The science is in! And it undoubtedly proves that gratitude is more than just a simple sentiment. Studies link gratitude to a stronger immune system, lower blood pressure, better sleep quality, reduced risk of heart disease, and better kidney function. But the benefits of living a life in gratitude extend much further than purely physical.
A study out of the University of California, Riverside, reported that grateful people experience more optimism, joy, enthusiasm, and other positive emotions, and they have a deeper appreciation for life’s simple pleasures. These researchers also found that by expressing gratitude for people in your life, like a friend or romantic partner, you can report higher levels of satisfaction in relationships. The most intriguing fact to come out of this study though was that gratitude is a skill that can be learned and nurtured, much like perfecting your Grandmother’s secret recipe.
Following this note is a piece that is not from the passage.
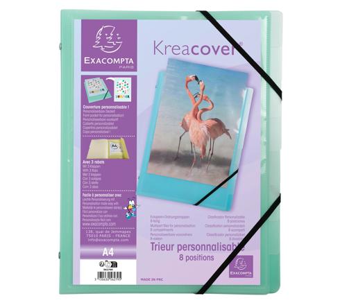 Personnalisation du trieur facilitée grâce à la pochette Kreacover et des 8 compartiments grâce aux fenêtres découpées dans la couverture.

Gratitude, however, doesn’t always come naturally. In our day-to-day lives, it’s easy to get caught up in the things that go wrong and feel like we’re living under our own private rain cloud; at the same time, we tend to adapt to the good things and people in our lives, taking them for granted. As a result, we often overlook everyday beauty and goodness — a kind gesture from a stranger, say, or the warmth of our heater on a chilly morning. That is why it is so important that we make it a priority to live our life in gratitude. Intentionally developing a grateful outlook helps us all recognize the good in our life and acknowledge that these things are truly “gifts” that we are fortunate to receive. Here are simple actions we can take to start making gratitude a habit:
1. THREE GOOD THINGS
This practice guards against those tendencies to miss opportunities for happiness and connection. By remembering and listing three positive things that have happened in your day, and considering what caused them, you tune into the sources of goodness in your life. It’s a habit that can change the emotional tone of your life, replacing feelings of disappointment or entitlement with those of gratitude — which may be why this practice is associated with significant increases in happiness.
2. START A GRATITUDE JOURNAL
This exercise helps you develop a greater appreciation for the good in your life. In fact, people who routinely express gratitude enjoy better health and greater happiness. The best part — there is no right or wrong way to keep a gratitude journal. We recommend starting out with writing 15 minutes per day, at least once per week for at least two weeks. Soon you’ll figure out what works best for you and discover the impact on your happiness level.
3. WRITE A GRATITUDE LETTER
This exercise encourages you to express gratitude in a thoughtful, deliberate way by writing — and, ideally, delivering — a letter of gratitude to a person you have never properly thanked. Call to mind someone who did something for you for which you are extremely grateful but to whom you never expressed your deep gratitude. This could be a relative, friend, teacher, or colleague. Try to pick someone who you could set an in-person meeting with in the next week to make the most out of this experience. When writing the letter, don’t worry about spelling or grammar and just focus on how this person’s behavior affected you. Not only will it brighten your spirit, but it will remind the recipient of your letter that our actions really do have make an impact.